Affidamento esclusivo del figlio

Affidamento esclusivo del figlio

L’ affidamento esclusivo del figlio ha natura  residuale, applicabile solo quando l’affidamento anche all’altro genitore sia contrario all’interesse del minore. In altre parole si tratta di una deroga alla regola generale costituita dall’affidamento condiviso, che il giudice potrà adottare solo quando ritenga che l’affidamento anche all’altro genitore sia contrario all’interesse del minore. Il giudice quando decide di far ricorso all’ affidamento esclusivo del figlio deve adeguatamente motivare siffatta scelta.

Il giudice non deve accertare se l’ affidamento esclusivo del figlio sia più o meno adeguato rispetto all’affidamento condiviso, in quanto il legislatore ha previsto un generale favor nei confronti di quello condiviso.

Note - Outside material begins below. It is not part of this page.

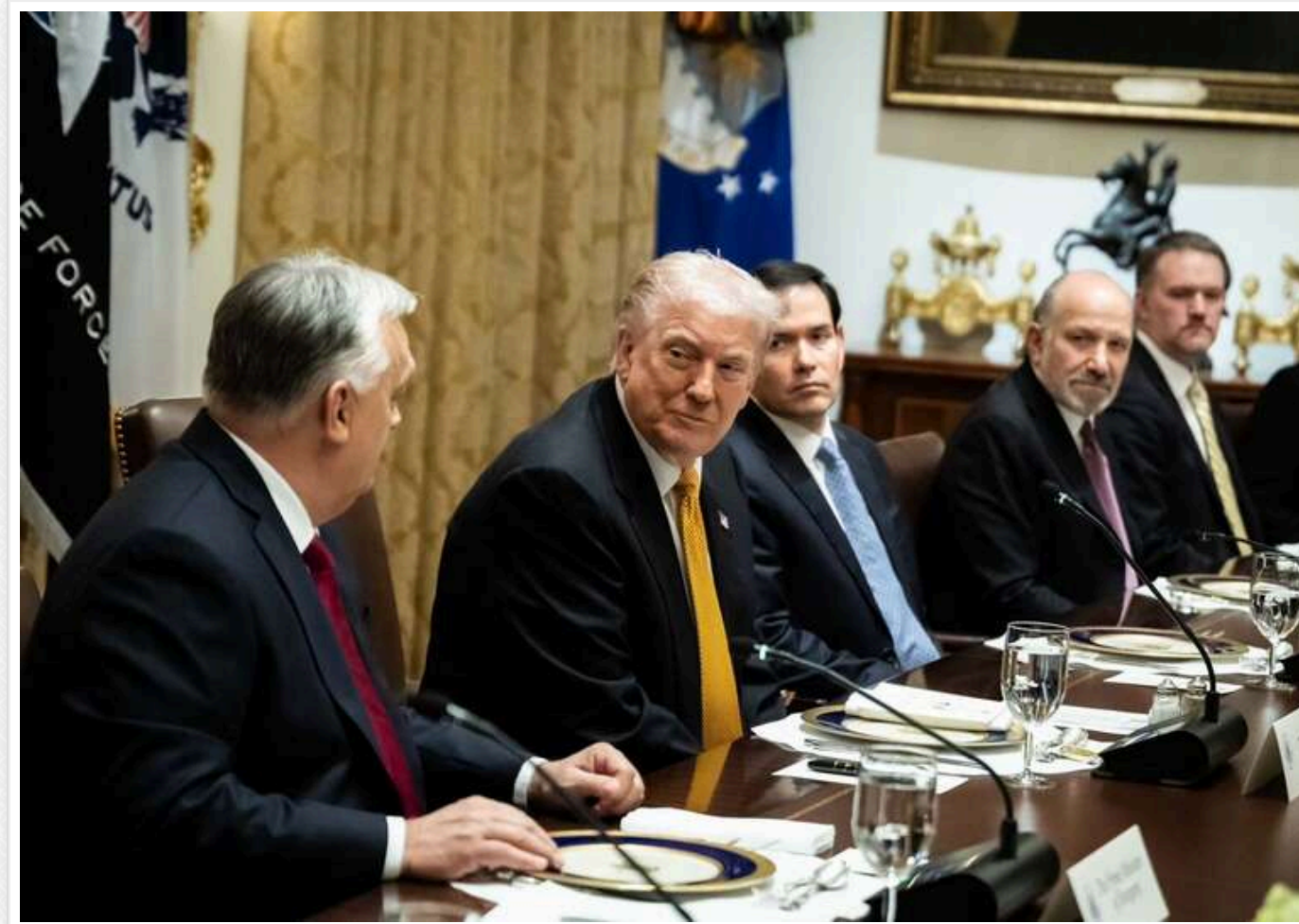
Угорщина стверджує про безстрокове звільнення від санкцій США на купівлю газу та нафти у РФ, але Білий дім Трампа підтвердив відстрочку лише на один рік

В адміністрації президента Сполучених Штатів Дональда Трампа підтвердили, що Угорщина отримала від США виняток із санкцій щодо закупівлі газу та нафти в Росії. Проте цей виняток не є безстроковим, як стверджують в Угорщині, а діє лише протягом одного року.

Il giudice, viceversa, dovrà valutare se l’affidamento condiviso del figlio possa creare pregiudizio a quest’ultimo, perché contrario la suo interesse, per l’essere uno dei genitori incapace di assicurare tutte le responsabilità derivanti dal proprio status. Incapacità tale da pregiudicare il futuro equilibrio psico-fisico del minore. Il giudice è chiamato a privilegiare quella soluzione se essa appaia la più idonea a ridurre al minimo i danni derivanti dalla disgregazione del nucleo familiare e ad assicurare il miglior sviluppo della personalità del figlio. Il giudice è tenuto ad effettuare tale giudizio indipendentemente dall’accordo o richiesta dei genitori.

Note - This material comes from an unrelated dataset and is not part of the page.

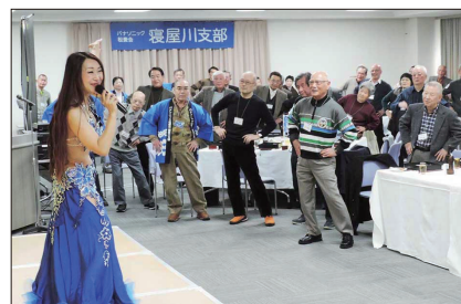
【スタジオ 森代表から健康体操の指導】

スタジオ」の京阪土居教室から8名の方に来ていただき、華やかで情熱的なダンスを披露いただきました。ダンスの途中では、若く煌びやかなダンサーと一緒に腰を動かす健康体操があり、会員総立ちで笑みのこぼれる楽しい大成功の初イベントになりました。

Infatti gli artt. 337 ter e 337 quater c.c. sottolineano la centralità dell’interesse del minore, che serve, non solo ad orientare l’interprete nella scelta dell’una o dell’altra forma di affidamento, ma anche da bussola per valutare ogni decisione inerente l’esistenza del minore. Il riferimento all’interesse del minore va inteso, come più volte precisato dalla giurisprudenza, “alle fondamentali ed imprescindibili esigenze di cura, educazione, istruzione e sana ed equilibrata crescita psico-fisica” del minore stesso.

Pertanto il giudice è chiamato a operare un giudizio sulla capacità genitoriali del singolo, sulla base di elementi concreti desuntati dal comportamento con cui ciascun genitore nel corso della pregressa vita del bambino ha svolto il proprio ruolo, analizzando le capacità affettive, la personalità del genitore, la comprensione, l’attenzione, l’educazione e la disponibilità ad intrattenere un assiduo rapporto, nonché le sue abitudini di vita, l’ambiente  sociale e familiare che è in grado di mettere a disposizione del minore.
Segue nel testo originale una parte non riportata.